Peeden J N, Rimoin D L, Lachman R S, Dyer M L, Gerard D, Gruber H E
Pediatric Associates, University of Tennessee, Department of Pediatrics, Knoxville 37909.
Am J Med Genet. 1992 Nov 15;44(5):651-6. doi: 10.1002/ajmg.1320440525.

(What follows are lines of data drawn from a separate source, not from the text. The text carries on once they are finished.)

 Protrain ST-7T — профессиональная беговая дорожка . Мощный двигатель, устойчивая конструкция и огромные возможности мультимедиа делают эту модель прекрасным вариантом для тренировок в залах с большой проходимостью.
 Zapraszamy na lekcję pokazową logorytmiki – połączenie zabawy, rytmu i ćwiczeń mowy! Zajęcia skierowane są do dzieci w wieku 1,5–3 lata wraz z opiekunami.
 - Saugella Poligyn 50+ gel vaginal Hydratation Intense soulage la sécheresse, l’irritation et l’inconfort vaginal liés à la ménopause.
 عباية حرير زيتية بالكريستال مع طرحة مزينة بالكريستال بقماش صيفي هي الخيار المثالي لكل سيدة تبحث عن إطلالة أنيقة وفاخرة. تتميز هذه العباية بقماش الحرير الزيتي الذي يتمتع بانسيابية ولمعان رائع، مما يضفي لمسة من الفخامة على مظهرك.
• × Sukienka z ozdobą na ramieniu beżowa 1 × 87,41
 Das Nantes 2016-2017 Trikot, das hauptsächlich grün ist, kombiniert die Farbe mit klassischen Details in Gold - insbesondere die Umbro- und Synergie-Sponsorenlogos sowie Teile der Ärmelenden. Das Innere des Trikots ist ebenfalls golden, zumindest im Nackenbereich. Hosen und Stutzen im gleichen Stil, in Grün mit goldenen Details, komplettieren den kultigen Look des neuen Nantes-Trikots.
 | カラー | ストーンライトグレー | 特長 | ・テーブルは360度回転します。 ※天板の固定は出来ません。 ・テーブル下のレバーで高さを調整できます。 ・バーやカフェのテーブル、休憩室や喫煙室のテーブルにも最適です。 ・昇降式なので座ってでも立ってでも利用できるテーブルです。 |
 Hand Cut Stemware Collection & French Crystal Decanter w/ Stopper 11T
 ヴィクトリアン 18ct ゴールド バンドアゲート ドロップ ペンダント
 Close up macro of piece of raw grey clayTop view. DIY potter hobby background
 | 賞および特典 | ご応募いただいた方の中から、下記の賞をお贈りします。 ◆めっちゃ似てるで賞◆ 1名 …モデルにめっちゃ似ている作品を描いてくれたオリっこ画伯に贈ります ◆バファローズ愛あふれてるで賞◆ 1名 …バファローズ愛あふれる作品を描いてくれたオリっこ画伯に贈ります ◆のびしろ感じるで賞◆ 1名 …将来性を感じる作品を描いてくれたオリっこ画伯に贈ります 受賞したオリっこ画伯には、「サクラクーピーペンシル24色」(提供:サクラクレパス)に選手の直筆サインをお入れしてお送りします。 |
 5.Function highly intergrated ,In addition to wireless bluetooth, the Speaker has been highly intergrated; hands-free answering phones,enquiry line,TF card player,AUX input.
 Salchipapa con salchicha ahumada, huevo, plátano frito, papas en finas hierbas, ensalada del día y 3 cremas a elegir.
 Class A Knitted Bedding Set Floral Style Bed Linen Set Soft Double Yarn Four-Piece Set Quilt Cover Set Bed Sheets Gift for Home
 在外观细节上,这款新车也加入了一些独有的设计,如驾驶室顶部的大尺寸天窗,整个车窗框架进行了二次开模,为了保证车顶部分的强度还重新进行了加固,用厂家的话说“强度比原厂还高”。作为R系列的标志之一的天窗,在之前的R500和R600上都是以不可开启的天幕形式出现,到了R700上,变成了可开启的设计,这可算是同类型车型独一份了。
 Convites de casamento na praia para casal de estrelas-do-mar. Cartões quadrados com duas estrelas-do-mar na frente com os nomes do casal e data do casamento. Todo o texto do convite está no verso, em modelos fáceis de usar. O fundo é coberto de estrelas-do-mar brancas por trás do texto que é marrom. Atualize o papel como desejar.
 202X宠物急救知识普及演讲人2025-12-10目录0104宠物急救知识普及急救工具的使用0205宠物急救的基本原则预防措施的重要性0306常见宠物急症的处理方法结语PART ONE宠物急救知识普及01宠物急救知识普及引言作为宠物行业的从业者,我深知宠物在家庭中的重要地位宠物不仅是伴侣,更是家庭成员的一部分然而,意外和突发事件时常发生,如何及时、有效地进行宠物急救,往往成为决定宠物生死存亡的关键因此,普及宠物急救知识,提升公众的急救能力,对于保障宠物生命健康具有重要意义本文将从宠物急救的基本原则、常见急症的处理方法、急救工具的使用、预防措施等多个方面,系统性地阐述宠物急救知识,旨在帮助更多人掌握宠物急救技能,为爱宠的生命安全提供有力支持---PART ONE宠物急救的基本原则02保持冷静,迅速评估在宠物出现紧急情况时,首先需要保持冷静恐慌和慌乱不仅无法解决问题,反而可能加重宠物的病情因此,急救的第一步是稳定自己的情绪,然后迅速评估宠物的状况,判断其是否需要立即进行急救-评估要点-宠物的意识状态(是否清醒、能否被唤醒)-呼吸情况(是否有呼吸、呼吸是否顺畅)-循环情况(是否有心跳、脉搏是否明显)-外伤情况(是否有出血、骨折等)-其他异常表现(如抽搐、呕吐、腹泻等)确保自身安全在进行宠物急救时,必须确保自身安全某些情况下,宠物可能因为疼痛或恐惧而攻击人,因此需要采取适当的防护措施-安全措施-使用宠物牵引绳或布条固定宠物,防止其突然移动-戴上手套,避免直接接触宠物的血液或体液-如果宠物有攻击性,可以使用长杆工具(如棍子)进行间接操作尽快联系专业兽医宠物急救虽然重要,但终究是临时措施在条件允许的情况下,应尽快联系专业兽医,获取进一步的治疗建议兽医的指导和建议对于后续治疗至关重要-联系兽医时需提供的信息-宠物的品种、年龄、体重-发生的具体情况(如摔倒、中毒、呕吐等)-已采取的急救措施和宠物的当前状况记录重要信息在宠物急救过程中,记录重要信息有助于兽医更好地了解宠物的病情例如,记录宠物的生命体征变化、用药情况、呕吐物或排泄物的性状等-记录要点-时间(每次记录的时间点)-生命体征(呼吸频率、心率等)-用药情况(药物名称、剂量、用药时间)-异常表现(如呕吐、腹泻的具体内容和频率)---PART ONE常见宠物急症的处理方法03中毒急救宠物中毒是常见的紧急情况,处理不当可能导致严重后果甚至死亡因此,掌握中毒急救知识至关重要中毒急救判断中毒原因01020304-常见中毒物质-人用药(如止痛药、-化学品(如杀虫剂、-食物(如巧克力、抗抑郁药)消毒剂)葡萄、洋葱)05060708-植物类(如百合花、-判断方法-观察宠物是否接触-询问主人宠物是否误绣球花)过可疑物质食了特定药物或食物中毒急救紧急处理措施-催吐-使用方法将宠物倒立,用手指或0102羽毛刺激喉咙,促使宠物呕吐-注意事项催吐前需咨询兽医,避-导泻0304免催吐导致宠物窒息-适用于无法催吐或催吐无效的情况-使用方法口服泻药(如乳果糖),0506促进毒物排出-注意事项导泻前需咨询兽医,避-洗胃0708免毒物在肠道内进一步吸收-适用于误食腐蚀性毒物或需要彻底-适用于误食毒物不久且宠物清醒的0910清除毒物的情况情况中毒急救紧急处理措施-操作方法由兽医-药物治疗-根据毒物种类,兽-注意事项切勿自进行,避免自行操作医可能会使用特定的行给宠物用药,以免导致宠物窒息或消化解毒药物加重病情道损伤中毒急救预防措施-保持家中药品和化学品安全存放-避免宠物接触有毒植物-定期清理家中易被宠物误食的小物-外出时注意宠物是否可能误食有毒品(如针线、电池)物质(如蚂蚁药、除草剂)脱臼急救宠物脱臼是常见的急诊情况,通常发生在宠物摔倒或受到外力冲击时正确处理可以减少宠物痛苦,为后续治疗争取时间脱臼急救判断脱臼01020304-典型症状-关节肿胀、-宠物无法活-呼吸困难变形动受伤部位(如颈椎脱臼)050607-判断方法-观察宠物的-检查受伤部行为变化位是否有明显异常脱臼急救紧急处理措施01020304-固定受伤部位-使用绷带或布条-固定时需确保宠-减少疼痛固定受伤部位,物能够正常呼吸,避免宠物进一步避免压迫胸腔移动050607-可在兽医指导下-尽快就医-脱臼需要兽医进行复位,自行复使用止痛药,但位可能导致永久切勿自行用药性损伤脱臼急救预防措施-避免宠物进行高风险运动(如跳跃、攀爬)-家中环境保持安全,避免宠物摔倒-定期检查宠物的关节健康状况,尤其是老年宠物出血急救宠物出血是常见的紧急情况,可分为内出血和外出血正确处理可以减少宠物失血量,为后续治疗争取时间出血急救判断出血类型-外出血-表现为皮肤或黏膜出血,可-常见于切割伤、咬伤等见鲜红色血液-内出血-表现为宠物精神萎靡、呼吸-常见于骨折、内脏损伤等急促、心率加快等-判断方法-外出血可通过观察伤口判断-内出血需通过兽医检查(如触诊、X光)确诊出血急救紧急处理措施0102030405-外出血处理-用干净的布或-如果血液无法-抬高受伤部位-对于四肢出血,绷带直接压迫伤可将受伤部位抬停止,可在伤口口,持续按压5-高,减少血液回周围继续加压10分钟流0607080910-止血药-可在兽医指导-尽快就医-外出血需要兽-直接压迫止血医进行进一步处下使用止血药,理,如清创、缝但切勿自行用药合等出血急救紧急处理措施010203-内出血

In 1980 Sedaghatian described an Iranian infant who died shortly after birth. At autopsy, he was found to have subacute myocarditis, cortical necrosis of kidneys, and adrenal and pulmonary hemorrhage. His skeletal abnormalities included mild rhizomelic shortness of his limbs and platyspondylyl and "laciness" of the iliac wings. In 1987 Optiz et al. described another Iranian infant with a similar perinatal course and roentgenograms. This infant was born to first cousins, suggesting an autosomal recessive single gene defect. We report our findings of another infant with a lethal course.
1980年,塞达加蒂安描述了一名出生后不久即死亡的伊朗婴儿。尸检发现,他患有亚急性心肌炎、肾皮质坏死以及肾上腺和肺部出血。他的骨骼异常包括四肢轻度近端短小、椎体扁平以及髂骨翼“网状化”。1987年,奥普蒂兹等人描述了另一名具有相似围产期病程和X光片表现的伊朗婴儿。这名婴儿的父母是近亲,提示为常染色体隐性单基因缺陷。我们报告了另一名病程致命的婴儿的研究结果。